Aaron si guarda intorno, scruta preoccupato l'orizzonte. Un clima di sinistra
e irrealistica quiete circonda l'abitazione. Entriamo nella casa, insieme
ad Aaron. La famiglia si sta preparando per la cena, la giovane Lucy sta apparecchiando
la tavola. Martha, una premurosa madre, è visibilmente preoccupata, ma fa
finta di nulla. Anche Aaron lo è, imbraccia il fucile ed esce fuori in cortile
per controllare, con la scusa di cercare qualche gallina prataiola. Sembra
che ci sia qualcosa che non va, aleggia una invisibile minaccia che si respira
nell'aria, nel rosso pastello del tramonto, e tutti i personaggi, tranne Lucy,
sembrano percepirla anche se fanno di tutto per mascherarla, come nel tentativo
disperato di proteggere una fittizia pace domestica. Lucy fa per accendere
un lume, ma Martha glielo impedisce di scatto con un gesto isterico che tradisce
il suo lacerante nervosismo. Dal fondo della valle si percepisce ora il bagliore
accecante di un segnale luminoso. Sono gli indiani, stanno per attaccare.

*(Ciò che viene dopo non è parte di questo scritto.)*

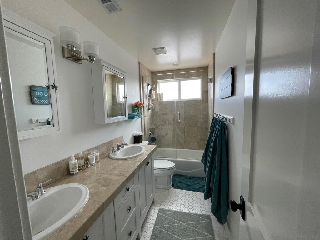 Welcome to this beautiful coastal home located in the heart of Coronado Village! Close to beaches,restaurants and shops. This bright and light 3 bedroom,2.5 bath home is a short term furnished vacation rental with open floor plan,gourmet kitchen,family room with fireplace,dining area opening to brick courtyard equipped with dining table and BBQ. Hardwood floors in living spaces. Upstairs loft area has queen sofa sleeper and deck with amazing views and outdoor fireplace. Rinse off after the beach using outdoor shower. Tandem garage. Air conditioned and ready for your beach vacation! This is short term rental with a 26 day minimum rental period. Pricing for summer ranges $15000 --$17,000 per month. Off season rate: $10,000. MLS# 230024212

Lucy finalmente capisce, e con una raggelante carrellata in avanti su di lei
vediamo in primo piano il suo volto deformato da un urlo di allucinato terrore.
Probabilmente
mai nella storia del cinema il senso i una minaccia incombente è stato rappresentato
con tanta profonda e toccante intimità. Sergio Leone, in quella sua mastodontica
parola definitiva sul cinema western che è C'era
una volta il West,
epilogo espressivo dell'esperienza italiana e nello stesso tempo ritorno alle
origini del western classico, attua un remake lucidamente filologico di questa
sequenza. È il secondo incipit del film, lo smisurato brano audiovisivo della
durata di ben nove minuti che mostra la strage della famiglia McBain, con
presentazione finale di Henry Fonda come maschera suprema del cattivo cinematografico.
La magistrale sequenza, probabilmente la vetta più alta dell'intero film insieme
al mortuario duello finale, è concepita e strutturata con una progressione
drammaturgica fedelmente ricalcata sul modello di quella fordiana.

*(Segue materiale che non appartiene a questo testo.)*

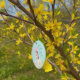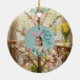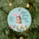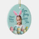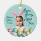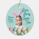 Special Easter gift for your dear ones, Girl Photo with funny Easter Bunny Ears and painted eggs on blue background on your own Easter ceramic ornament. May be a keepsake for yourself, or a personalized gift for a friend or family member. Generative content images may be changed. Humor Greeting saying, "Some Bunny Loves You" , the girl's name and the year on the front of the ornament. If you replace the girl photo with your own, please use the option "remove background" from edit menu.

Anche qui una famiglia che si appresta per un banchetto, con la giovane Maureen
intenta ad apparecchiare la tavola. Anche qui un padre che va a prendere l'acqua,
gli uccelli che si alzano in volo, un sinistro sibilo del vento che sembra
voler mettere al corrente i personaggi del pericolo imminente. E poi uno sparo
assordante che lacera la quiete come una pugnalata, il corpo di Maureen che
cade a terra in un campo lunghissimo, il dettaglio sulle labbra di McBain
mentre grida inorridito il nome della figlia morta, di nuovo un campo lungo
mentre corre verso di lei per cercare di salvarla, venendo colpito a sua volta
dal piombo e rovinando nella polvere.
E
poi l'indimenticabile carrellata in soggettiva del bambino che esce dalla
casa e scopre, insieme all'occhio dello spettatore, l'orrore conclusivo della
famiglia massacrata, nello stesso istante in cui prorompe "come una sentenza"
la prima terrificante nota del tema di Morricone. Dalle nuvole di polvere
che danzano sul terreno il loro balletto di morte, escono lentamente allo
scoperto gli uomini di Frank, gli autori del massacro, mentre i loro spolverini
vengono agitati dal vento.
C'era
una volta il West è, abbiamo detto, il film in cui Leone riconosce
il suo debito e il suo legame di (in)diretta filiazione dal western di John
Ford, ed è quindi il film del ritorno alle origini, dello stemperamento dei
toni cinici e amorali della trilogia del dollaro verso una dimensione più
etica e riflessiva, è il film della riflessione elegiaca, di un ripiegamento
su un impossibile classicismo, dell'omaggio cinefilo, ma nello stesso tempo
è il film di Leone più calato in un contesto storico ben determinato che non
è più, come nei film precedenti, una mera cornice contestuale che fa da sfondo
a duelli e regolamenti di conti immersi in un clima astratto e atemporale,
ma assurge a spazio simbolico dotato di una fortissima pregnanza che investe
di senso ogni aspetto del film, la narrazione, i personaggi, il loro ruolo
come maschere del mito. In C'era una volta il West viene meno
il ghigno ironico della trilogia, la compiaciuta violenza, l'amoralità delle
azioni e dei personaggi, il ritmo incalzante e sconvolgente. Si crea spazio
per una riflessione sul Tempo e sulla Storia che è il vero motore stilistico
del film: il ritmo assume qui una cadenza iper-dilatata ai limiti della realisticità,
i personaggi si muovono come zombi in una città di fantasmi, il senso di morte
e di appartenenza a un passato ormai tramontato investe l'intero apparato
stilistico del film, canto di morte del western tout-court. È in quest'ottica
che Leone reintroduce consapevolmente all'interno delle proprie strutture
narrative e visuali il senso della classicità appartenente a Ford, dissacrato
e stravolto nei primi western e portato quasi in processione, come una divinità,
nell'ultimo C'era una volta il West.
È forse anche in questo ossimoro legato a un impossibile ritorno alle origini,
al western che fu, che si può interpretare il senso di un titolo mai così
esplicito e dichiaratamente programmatico -quasi didascalico- per un autore.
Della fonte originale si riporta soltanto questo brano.